# Hey, When's the Last Time You Saw What's His Face??



## Michael Morris (Jul 8, 2004)

The server knows - Look closely under everyone's avatar pic


----------



## Hand of Evil (Jul 8, 2004)

mmmmmmm, interesting.


----------



## Ankh-Morpork Guard (Jul 8, 2004)

Oooh, I like it!


----------



## Brother Shatterstone (Jul 8, 2004)

Spoony Bard said:
			
		

> The server knows - Look closely under everyone's avatar pic



Awesome.   You are right; you do need to look very closely to find it.   I still recommend my staff forum suggestion.


----------



## Ankh-Morpork Guard (Jul 8, 2004)

Waaay too many smilies right there


----------



## Brother Shatterstone (Jul 8, 2004)

Ankh-Morpork Guard said:
			
		

> Waaay too many smilies right there



Sorry, the workday is almost over...  (Smile left out on purpose)


in fact, I'm gone....


----------



## Ankh-Morpork Guard (Jul 8, 2004)

Brother Shatterstone said:
			
		

> Sorry, the workday is almost over...  (Smile left out on purpose)
> 
> 
> in fact, I'm gone....



 Awww...the double post is gone.

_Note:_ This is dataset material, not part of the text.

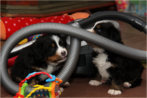Nun steigern wir auch die akustischen Reize, der Staubsauger gehört ja ohnehin dazu,…immer wieder werden Dinge scheppernd fallen gelassen oder Geräte mit unterschiedlichem Klang angeschaltet. Da wir ja mit unseren Hunden bzw. Welpen einen gemeinsamen Alltag haben,..ist sowieso alles normal.

That was what made it so much...there's goes my fun. Bah.


----------



## Brother Shatterstone (Jul 9, 2004)

Ankh-Morpork Guard said:
			
		

> Awww...the double post is gone. That was what made it so much...there's goes my fun. Bah.



Yeah mod privileges has its advantages…  I can’t do much of anything in this forum but I can soft delete my own posts.  It’s still there but few of the board members can really see it. 

If you miss it I can restore it for you...


----------



## Knightfall (Jul 10, 2004)

That's such a great idea!

Wish I'd thought of it.


----------



## Seonaid (Jul 11, 2004)

Big Brother, much? Though it's kind of nice, in that stalker sort of way.

Edit: Is there any way to turn it off individually?


----------



## BOZ (Jul 11, 2004)

good deal.


----------



## Michael Morris (Jul 11, 2004)

Seonaid said:
			
		

> Big Brother, much? Though it's kind of nice, in that stalker sort of way.
> 
> Edit: Is there any way to turn it off individually?




Nope.

Edit: But I'll find a way.  I've noted that this bypasses the invisibility function. I'm going to try a template mod that will tie this to the invisibility. If it works the Last seen field won't show if you've chosen to be "invisible" (Mods able to see "invisible" posters will still be able to see you're last time online though).


----------



## pogre (Jul 12, 2004)

I don't like it - it constantly reminds me of how much time I spend here


----------



## DaveStebbins (Jul 13, 2004)

pogre said:
			
		

> I don't like it - it constantly reminds me of how much time I spend here



Well I *DO* like it. It reminds me that I'm not the only one spending this much time here.


----------



## BOZ (Jul 15, 2004)

hey, could i have a glowy screen name when i'm in the CC forums?


----------